The \(2^k\) designs are a major set of building blocks for many experimental designs. These designs are usually referred to as screening designs. The \(2^k\) refers to designs with k factors where each factor has just two levels. These designs are created to explore a large number of factors, with each factor having the minimal number of levels, just two. By screening we are referring to the process of screening a large number of factors that might be important in your experiment, with the goal of selecting those important for the response that you're measuring. We will see that k can get quite large. So far we have been looking at experiments that have one, two or three factors, maybe a blocking factor and one or two treatment factors, but when using screening designs k can be as large as 8, 10 or 12. For those of you familiar with chemical or laboratory processes, it would not be hard to come up with a long list of factors that would affect your experiment. In this context we need to decide which factors are important.

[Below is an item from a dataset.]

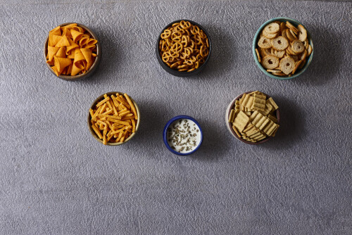 وجبات خفيفة متنوعة في أوعية فخارية على خلفية رمادية

In these designs we will refer to the levels as high and low, +1 and -1, to denote the high and the low level of each factor. In most cases the levels are quantitative, although they don't have to be. Sometimes they are qualitative, such as gender, or two types of variety, brand or process. In these cases the +1 and -1 are simply used as labels.
- The idea of 2-level Factorial Designs as one of the most important screening designs
- Defining a “contrast” which is an important concept and how to derive Effects and Sum of Squares using the Contrasts
- Process of analyzing Unreplicated or Single replicated factorial designs, and
- How to use Transformation as a tool in dealing with inadequacy of either variance homogeneity or normality of the data as major hypothetical assumptions.